One final area where I believe predictive analytics will become more important is that of weather forecasting. We’ve seen incredible improvements in the accuracy of weather prediction in just the last 50-60 years. But when we’re talking about extremely dangerous weather like tornados and hurricanes, it’s important that we continue to improve accuracy. Weather prediction is the most complex problems I have discussed so far — there are thousands, maybe tens of thousands of variables that must be accounted for in building accurate weather models. And climate change is making that even harder. Scientists warn that warming oceans, sea level rise, and a rising global temperature could be the cause of the increased incidence of extreme weather events.
As the number of extreme weather events continues to rise and populations increase, weather events will be a major source of concern and it accurate weather predictions will be of utmost importance. Government agencies such as NASA and NOAA collect massive sets of data from sensors placed all over the planet.
In addition to weather, NASA tracks and monitors asteroids that are considered “potentially hazardous.” In 2005, Congress directed NASA to find and observe asteroids.
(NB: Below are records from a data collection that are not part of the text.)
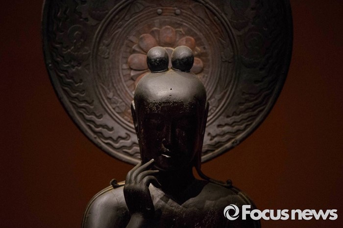 (서울=포커스뉴스) 24일 오전 서울 용산구 국립중앙박물관 기획전시실에서 열리고 있는 '한일국보 반가사유상의 만남' 전시에 일본의 국보 나라현 주구사 목조반가사유상이 전시돼있다.
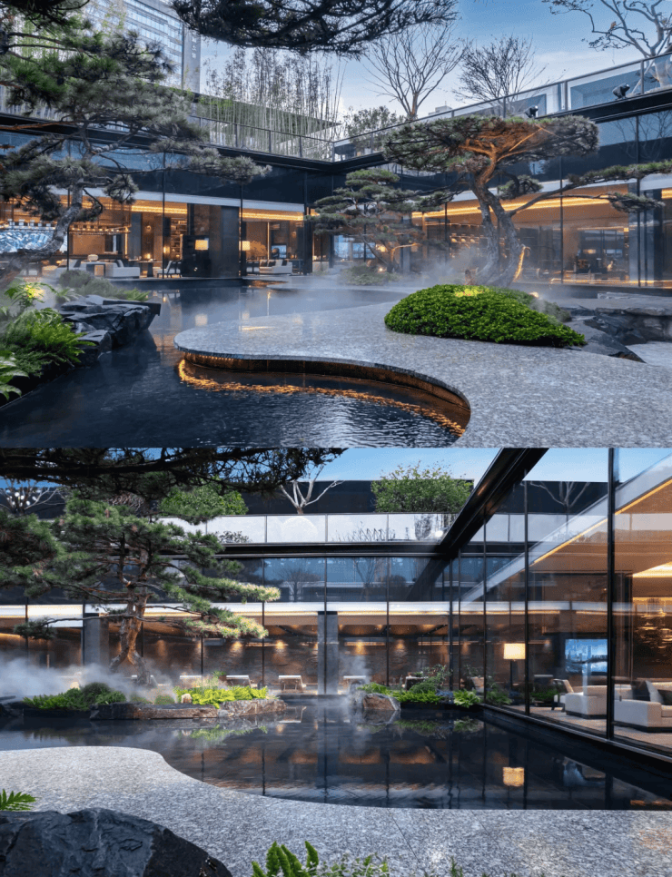 社区园林:以“三进式归家礼序”打造,鎏光华堂、拾光艺廊、浮光水庭,融合艺术与自然,打造“城市中的东方园林”。
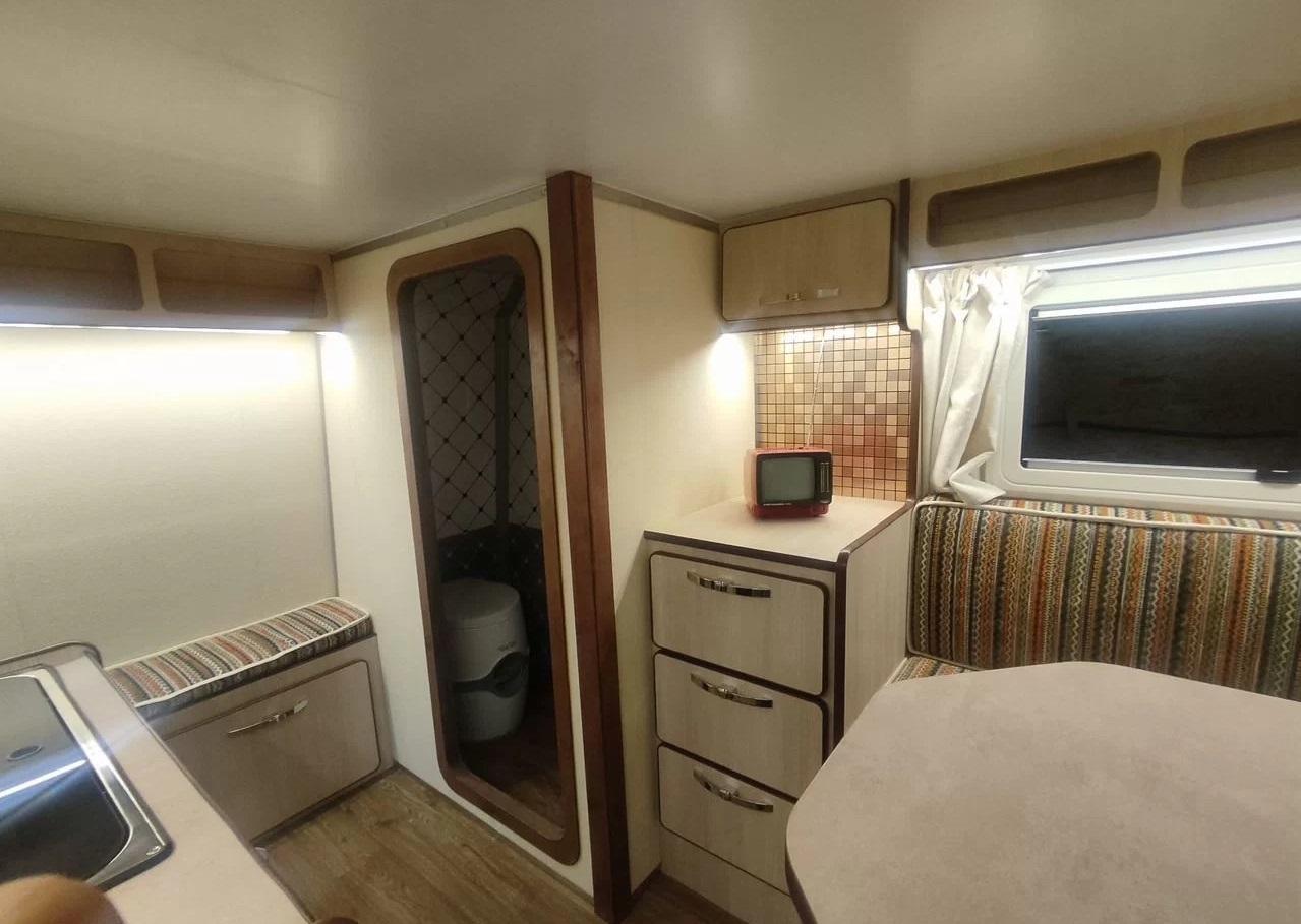 The unusual mobile home is built on the chassis of a 2006 Trofim pickup truck. These trucks were produced in small batches at the Tula Gidroprivod plant and were initially equipped with a cab from the GAZ-3110. The presented example has been seriously modified; in appearance it resembles the classic Volga GAZ-24, which gives it the charm of a retro car.
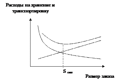 Сложив оба графика, получим кривую, отражающую характер зависимости совокупных издержек по транспортировке и хранению от размера заказываемой партии (рис. 9).

NASA has found approximately 2,000 asteroids that could pose a serious threat to the planet. Were it to hit the planet, an asteroid 140 meters in diameter would ram into the planet with an energy of 288 megatons. For comparison, the largest nuclear weapon ever built had a payload of 50 megatons.
With an estimated 250 billion stars in the milky way alone, discovering an asteroid as small as 150 meters might sound completely impossible. And it would be, without the use of predictive analytics!
There is a great quote from Spider-Man — with great power comes great responsibility.Data is all around us. This data gives us incredible power and it is important that we use this data for good and not for bad. Data gives us the power to build extremely accurate predictive models which can be applied to problems that we as a species have dealt with since the beginning of time. We live in truly exciting times but I predict that the future will be even more exciting with the use of predictive analytics for applications worldwide!